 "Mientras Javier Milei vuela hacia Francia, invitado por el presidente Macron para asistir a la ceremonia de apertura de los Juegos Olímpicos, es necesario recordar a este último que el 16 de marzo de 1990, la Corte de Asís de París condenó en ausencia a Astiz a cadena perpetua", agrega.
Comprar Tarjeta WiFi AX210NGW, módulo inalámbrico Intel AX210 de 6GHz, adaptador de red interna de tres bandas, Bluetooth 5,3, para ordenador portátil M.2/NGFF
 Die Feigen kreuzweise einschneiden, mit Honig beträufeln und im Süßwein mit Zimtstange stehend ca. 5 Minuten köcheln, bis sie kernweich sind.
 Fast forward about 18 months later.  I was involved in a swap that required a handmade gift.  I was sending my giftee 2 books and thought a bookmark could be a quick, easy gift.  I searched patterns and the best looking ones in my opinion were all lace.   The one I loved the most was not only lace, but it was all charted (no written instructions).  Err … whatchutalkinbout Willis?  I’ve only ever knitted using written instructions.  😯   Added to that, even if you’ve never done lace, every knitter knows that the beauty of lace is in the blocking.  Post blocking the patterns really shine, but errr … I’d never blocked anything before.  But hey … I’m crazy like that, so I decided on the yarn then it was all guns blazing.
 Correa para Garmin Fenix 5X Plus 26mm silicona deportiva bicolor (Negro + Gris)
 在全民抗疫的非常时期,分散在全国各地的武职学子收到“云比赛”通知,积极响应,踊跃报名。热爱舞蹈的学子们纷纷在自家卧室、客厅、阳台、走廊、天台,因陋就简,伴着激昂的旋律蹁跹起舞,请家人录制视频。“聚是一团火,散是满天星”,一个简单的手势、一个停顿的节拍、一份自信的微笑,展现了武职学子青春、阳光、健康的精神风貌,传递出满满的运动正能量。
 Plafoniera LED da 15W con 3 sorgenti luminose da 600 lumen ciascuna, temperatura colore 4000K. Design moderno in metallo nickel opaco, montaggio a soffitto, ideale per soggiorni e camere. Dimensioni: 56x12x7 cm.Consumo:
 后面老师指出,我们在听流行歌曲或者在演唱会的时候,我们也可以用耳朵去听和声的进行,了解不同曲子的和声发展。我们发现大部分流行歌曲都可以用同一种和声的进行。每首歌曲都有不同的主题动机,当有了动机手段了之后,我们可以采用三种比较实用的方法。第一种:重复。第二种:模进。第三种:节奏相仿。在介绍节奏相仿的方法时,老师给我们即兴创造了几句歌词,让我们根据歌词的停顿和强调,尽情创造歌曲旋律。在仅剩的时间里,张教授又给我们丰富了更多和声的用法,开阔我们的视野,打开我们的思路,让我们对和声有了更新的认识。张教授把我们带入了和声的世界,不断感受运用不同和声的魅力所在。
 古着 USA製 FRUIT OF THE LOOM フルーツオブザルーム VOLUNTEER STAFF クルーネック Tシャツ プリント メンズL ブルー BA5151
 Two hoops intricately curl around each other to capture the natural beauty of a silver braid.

..............................

▶ [WORK ORDER]: Return the data above in full. Keep every line exactly as it is.

▶ [EXPECTED ANSWER]:
 "Mientras Javier Milei vuela hacia Francia, invitado por el presidente Macron para asistir a la ceremonia de apertura de los Juegos Olímpicos, es necesario recordar a este último que el 16 de marzo de 1990, la Corte de Asís de París condenó en ausencia a Astiz a cadena perpetua", agrega.
Comprar Tarjeta WiFi AX210NGW, módulo inalámbrico Intel AX210 de 6GHz, adaptador de red interna de tres bandas, Bluetooth 5,3, para ordenador portátil M.2/NGFF
 Die Feigen kreuzweise einschneiden, mit Honig beträufeln und im Süßwein mit Zimtstange stehend ca. 5 Minuten köcheln, bis sie kernweich sind.
 Fast forward about 18 months later.  I was involved in a swap that required a handmade gift.  I was sending my giftee 2 books and thought a bookmark could be a quick, easy gift.  I searched patterns and the best looking ones in my opinion were all lace.   The one I loved the most was not only lace, but it was all charted (no written instructions).  Err … whatchutalkinbout Willis?  I’ve only ever knitted using written instructions.  😯   Added to that, even if you’ve never done lace, every knitter knows that the beauty of lace is in the blocking.  Post blocking the patterns really shine, but errr … I’d never blocked anything before.  But hey … I’m crazy like that, so I decided on the yarn then it was all guns blazing.
 Correa para Garmin Fenix 5X Plus 26mm silicona deportiva bicolor (Negro + Gris)
 在全民抗疫的非常时期,分散在全国各地的武职学子收到“云比赛”通知,积极响应,踊跃报名。热爱舞蹈的学子们纷纷在自家卧室、客厅、阳台、走廊、天台,因陋就简,伴着激昂的旋律蹁跹起舞,请家人录制视频。“聚是一团火,散是满天星”,一个简单的手势、一个停顿的节拍、一份自信的微笑,展现了武职学子青春、阳光、健康的精神风貌,传递出满满的运动正能量。
 Plafoniera LED da 15W con 3 sorgenti luminose da 600 lumen ciascuna, temperatura colore 4000K. Design moderno in metallo nickel opaco, montaggio a soffitto, ideale per soggiorni e camere. Dimensioni: 56x12x7 cm.Consumo:
 后面老师指出,我们在听流行歌曲或者在演唱会的时候,我们也可以用耳朵去听和声的进行,了解不同曲子的和声发展。我们发现大部分流行歌曲都可以用同一种和声的进行。每首歌曲都有不同的主题动机,当有了动机手段了之后,我们可以采用三种比较实用的方法。第一种:重复。第二种:模进。第三种:节奏相仿。在介绍节奏相仿的方法时,老师给我们即兴创造了几句歌词,让我们根据歌词的停顿和强调,尽情创造歌曲旋律。在仅剩的时间里,张教授又给我们丰富了更多和声的用法,开阔我们的视野,打开我们的思路,让我们对和声有了更新的认识。张教授把我们带入了和声的世界,不断感受运用不同和声的魅力所在。
 古着 USA製 FRUIT OF THE LOOM フルーツオブザルーム VOLUNTEER STAFF クルーネック Tシャツ プリント メンズL ブルー BA5151
 Two hoops intricately curl around each other to capture the natural beauty of a silver braid.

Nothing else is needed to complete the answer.